Le risque d’un accord microfissuré
Fumée blanche dans le ciel de Doel et de Tihange. Après des mois de tergiversations et de discussions avec Engie, le gouvernement tient enfin un premier accord pour prolonger de dix ans l’exploitation de Tihange 3 et Doel 4, les réacteurs les plus récents de notre parc nucléaire.
Publié le 09-01-2023 à 21h40 - Mis à jour le 11-01-2023 à 12h57
:focal(370x316:380x306)/cloudfront-eu-central-1.images.arcpublishing.com/ipmgroup/XWOBNASDGRBR7L25W6OKHZM6ZY.png)
Un accord ? Plus exactement un projet d’accord, car Engie va encore faire durer le suspense avant de placer sa signature définitive en bas du contrat de mariage.
Et pour cause, l’énergéticien français a obtenu de l’exécutif ce dont il rêvait depuis des années: un plafonnement du coût inhérent au futur traitement des déchets nucléaires. Et il compte bien attendre la fixation des paramètres techniques et financiers, avant de s’engager définitivement.
Pour le Premier ministre Alexander De Croo, la volonté d’Engie d’obtenir ce plafonnement était "légitime". Certes, mais cette limitation très singulière du sacro-saint principe de "pollueur-payeur" fait désormais reposer un risque sur la tête des futurs contribuables.
Ce plafonnement du passif nucléaire, c’est en fait l’incroyable prix à payer pour le manque d’anticipation qui a caractérisé la politique énergétique de la Belgique durant ces vingt dernières années.
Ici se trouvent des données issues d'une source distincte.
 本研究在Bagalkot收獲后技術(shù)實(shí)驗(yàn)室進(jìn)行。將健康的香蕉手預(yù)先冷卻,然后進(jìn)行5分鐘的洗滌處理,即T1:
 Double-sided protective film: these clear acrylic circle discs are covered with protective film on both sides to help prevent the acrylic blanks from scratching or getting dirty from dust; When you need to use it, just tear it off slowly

Depuis le vote de la loi de sortie du nucléaire en 2003, notre pays s’est démarqué par une absence de stratégie énergétique à long terme.
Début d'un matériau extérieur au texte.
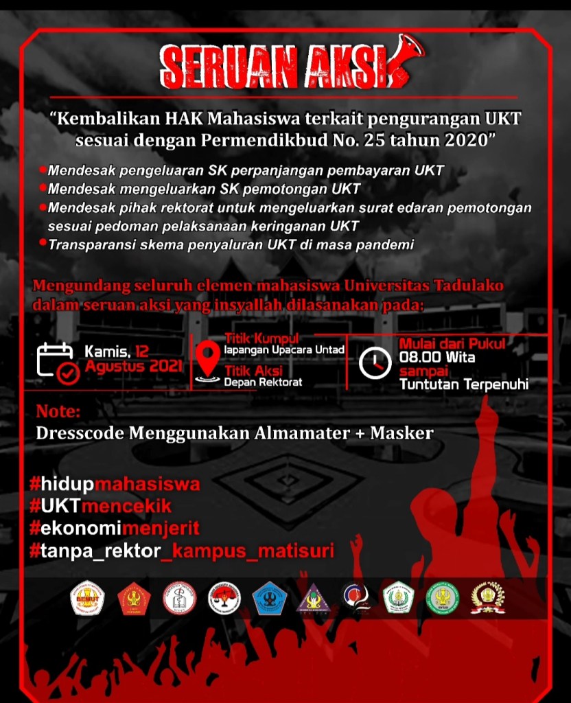 Seruan aksi yang akan dilaksanakan oleh Badan Eksekutif Mahasiswa (BEM) se Universitas Tadulako (Untad) Palu, pada 12 Agustus 2021 mendatang.

Ce "deal" avec Engie, c’est aussi la douloureuse facture d’une cécité qui a touché toute l’Europe. Car si le marché libéralisé de l’énergie a permis à certains producteurs de s’octroyer de plantureux bénéfices, il s’est illustré par son incapacité à générer de nouveaux outils de production. Une anomalie qui n’effrayait pourtant pas grand monde.
Enfin, si la sécurité d’approvisionnement semble désormais assurée jusqu’en 2036, la Belgique devra impérativement changer de méthode. Espérons que le constat d’une responsabilité collective dans cet échec de deux décennies permettra d’engager notre pays sur la voie d’une véritable stratégie énergétique pour les cinquante prochaines années. Si tel n’était pas le cas, cet accord de janvier 2023 apparaîtrait rapidement comme étant… microfissuré.